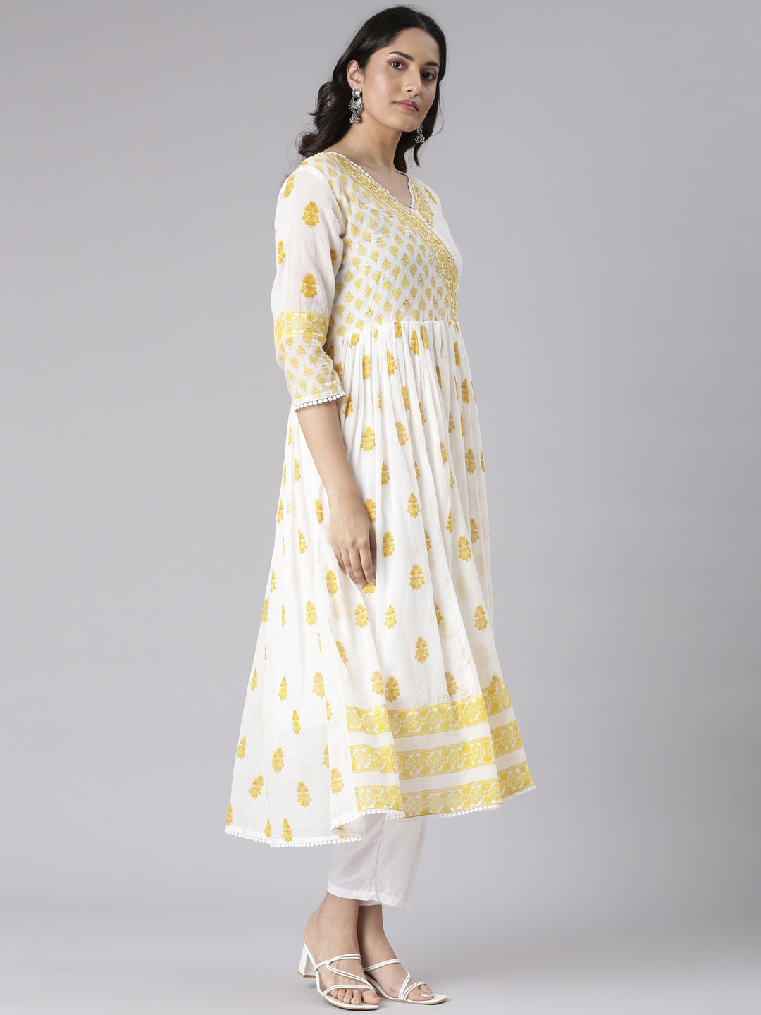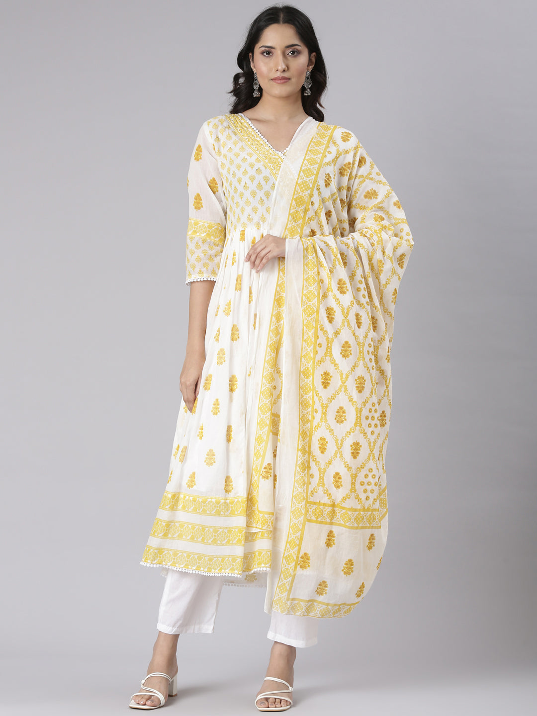 The Neerus Mustard Printed Straight Kurta and Trousers set, paired with a coordinating dupatta, offers a refined blend of traditional design and modern elegance. The rich mustard tone and intricate prints emphasize sophistication, while the tailored straight fit ensures comfort and a flattering silhouette. Perfect for special occasions, this ensemble exudes understated grace and timeless style.
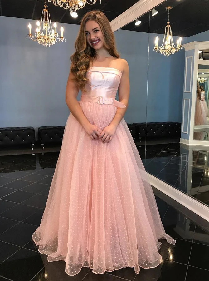 A-Line Strapless Floor-Length Pink Tulle Prom Dresses with Belt OKL67
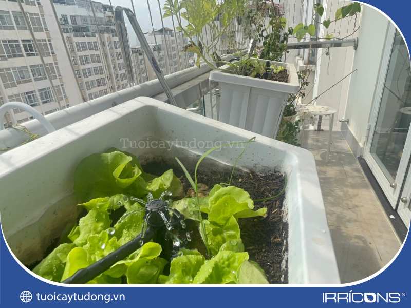 Hệ thống tưới cao cấp cho ban công tại nhà phố quận 7 - Hồ Chí Minh. Lắp đặt, thi công nhanh chóng trong vài giờ. Đẹp mắt, sang trọng, bền bỉ với thời gian và môi trường.
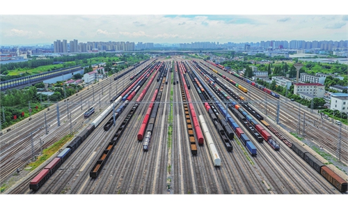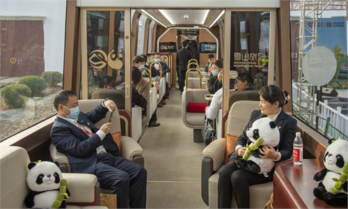 China's first standard smart intercity train with fully independent intellectual property rights is displayed at the 2025 China International Metro Transit Exhibition in Qingdao, East China's Shandong Province, on September 18, 2025. The train marks a major breakthrough in China's intercity rail transit equipment.

■ EXERCISE ■
Give back exactly the lines from the one containing "A-Line Strapless Floor-Length" through the last line above, both included, and none of the pictures.

■ OUTPUT ■
 A-Line Strapless Floor-Length Pink Tulle Prom Dresses with Belt OKL67
 Hệ thống tưới cao cấp cho ban công tại nhà phố quận 7 - Hồ Chí Minh. Lắp đặt, thi công nhanh chóng trong vài giờ. Đẹp mắt, sang trọng, bền bỉ với thời gian và môi trường.
 China's first standard smart intercity train with fully independent intellectual property rights is displayed at the 2025 China International Metro Transit Exhibition in Qingdao, East China's Shandong Province, on September 18, 2025. The train marks a major breakthrough in China's intercity rail transit equipment.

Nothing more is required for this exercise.